Он перевернул страницу в блокноте и большими буквами четко написал: «Операция: город П». Потом зачеркнул эти слова, чувствуя, что ведет себя неподобающим образом. Ему стало стыдно, хотя он не знал отчего, — генерал был просто старше, чем ему казалось.
10
Сзади затрещало сломанное стропило крыши. Алойз почувствовал себя, как мышь, попавшая в клетку. Похоже, что завалило проход, через который он влез сюда. Перед ним — исковерканные обломки стеллажей, груды кирпича. Вообще-то он должен был как можно скорее убраться отсюда. Думай он только о себе, ни в коем случае не полез бы дальше в готовые рухнуть развалины. В тот момент Алойз каждым сантиметром кожи ожидал, что вот-вот на него упадет тяжелая, изогнутая плоскость крыши или что ею тело перережет висящая над ним стальная балка, которая, казалось, на мгновение задержалась перед тем, как окончательно упасть на землю. Конечно, можно было ждать этой минуты и в этом ожидании, потеряв чувство времени, погрузиться на дно обычного человеческого страха. Или, не останавливаясь, постараться уйти из этого места, где тебе грозит конкретная опасность, туда, где все еще спокойно. Возможно, и там тебя ожидает смерть, но лучше уж пойти ей навстречу, чем позволить взять себя за горло в минуту страха и отчаяния.

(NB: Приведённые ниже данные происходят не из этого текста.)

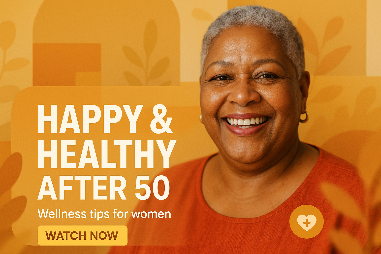 Engaging social media post promoting wellness tips for women over 50, featuring a cheerful older woman against a warm background. Ideal for health-focused campaigns.

Поэтому он полз — ей навстречу. Он видел всю уничтожающую мощь взрыва. Анджей не мог остаться в живых.
«Я иду, Анджей, — все же говорил он себе, вдыхая пыль и страх. — Отец, надо было мне тогда остаться с тобой. И мне, и матери. И чтобы все кончилось, как у людей. А так…»
Он предчувствовал, а возможно, был просто уверен в том, что его попытка побороть страх и установить истину все равно не спасет жизнь Анджею Квеку.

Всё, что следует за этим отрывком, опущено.